What remedies are available to a successful party in an action for infringement or dilution, etc? What criminal remedies exist?
In general, one or more of the following remedies are available for the party as a result of successful fighting against infringement or dilution:
- the cessation of infringements;
- the removal of obstacles;
- the elimination of dangers;
- compensation for losses; and
- the elimination of a negative impact.
As to monetary compensation, according to the Trademark Law, it shall be determined based on the owner's actual losses caused by the infringement or the interests obtained by the infringing party from the infringement, and, if the actual losses are hard to be determined, can be determined based on times of the royalties of the registered trademark when it is hard to determine both losses and actual interests. For seriously malicious infringement, the amount of compensation may be one to three times the aforesaid amount. The compensation shall also include reasonable expenses the owner incurs to prevent infringement. Where it is hard to determine the owner's actual losses, the infringing party's actual interests or the royalties of the registered trademark, the people’s court shall, based on the actual circumstance of infringement, bring in a verdict of an amount up to 3 million yuan.ADR
Are ADR techniques available, commonly used and enforceable? What are the benefits and risks?

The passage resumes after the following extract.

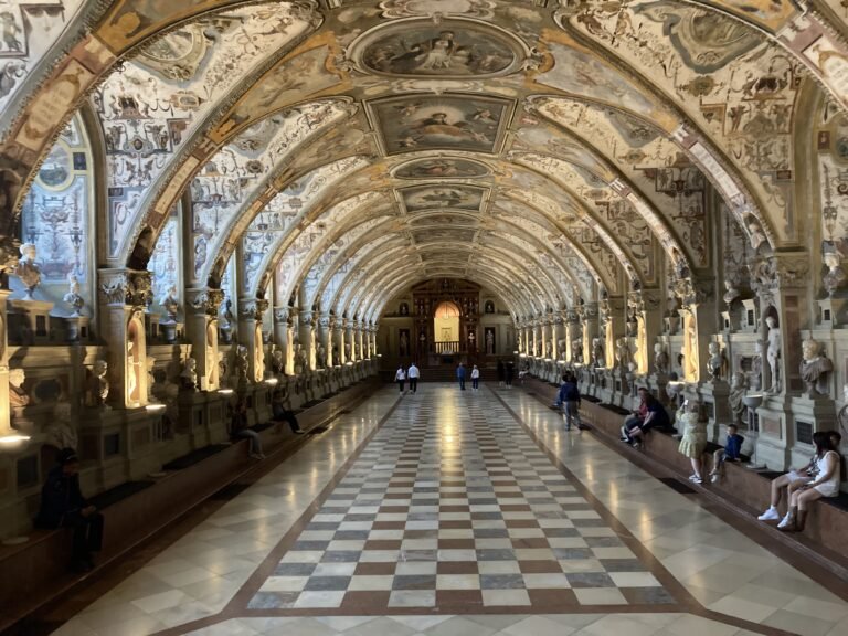 Vous pouvez visiter l’intérieur du palais pour découvrir les salles richement décorées, les lustres scintillants, les fresques et les meubles anciens. Vous passez notamment par la galerie des Beautés, qui présente des portraits de femmes célèbres de l’époque, et la salle de banquet, où se déroulaient les festivités. Les chambres de la famille royale témoignent de l’opulence et du style de vie de l’aristocratie bavaroise.

In China, mediation and conciliation are two major types of ADR for dispute resolutions. For mediation, there is a specific law, the Law on Civil Mediation, which has been in effect since 1 January 2011. According to this Law, 'civil mediation' refers to the activities of civil mediation committees in promoting the parties to voluntarily reach mediation agreements through consultation on the basis of equality by persuasion, guidance and other methods to resolve disputes among people. A mediation agreement reached through mediation by a civil mediation committee can be applied to the people’s court for confirmation, once confirmed effective by the court, the mediation agreement can be enforced by the court through an application for enforcement submitted to the court by the party supported by the agreement, if the other party refuses to perform or fails to perform in whole.
Aside from mediation, conciliation is more frequently used in legal proceedings, with lawyers being involved. For example, conciliation can be applied throughout the whole civil law litigation procedures, prior to the litigation and in the litigation. In the 'Opinions of the Supreme People's Court and the Ministry of Justice on Launching the Pilot Program of Conciliation by Lawyers', conciliation by lawyer refers to the activities of lawyers, lawyers’ conciliation studio or lawyers’ conciliation centre, acting as the neutral third party, in promoting the parties to voluntarily reach conciliation agreements, so as to solve disputes. A conciliation agreement and mediation agreement with monetary payment or marketable securities transaction involved, which is reached through conciliation via a lawyer’s help can be applied to the people’s court for a payment order, so as to be enforced.
In general, compared with traditional litigation or arbitration, mediation and conciliation are regarded as providing the following benefits:
- they are more cost-effective, even when a litigation case is concluded through mediation or conciliation;
- the court fees can be reduced by as much as half, or be totally waived when a civil lawsuit is concluded through mediation or conciliation;
- conciliation is a more voluntary choice and decided by the parties involved, which means the parties will be more willing to have it enforced, because it reflects their choice and willingness for resolution; and
- the procedures are more flexible and voluntary compared with litigation or arbitration.
As to the disadvantage of mediation and conciliation, in general, the enforceability of it is deemed less strong than the litigation judgment or arbitral award.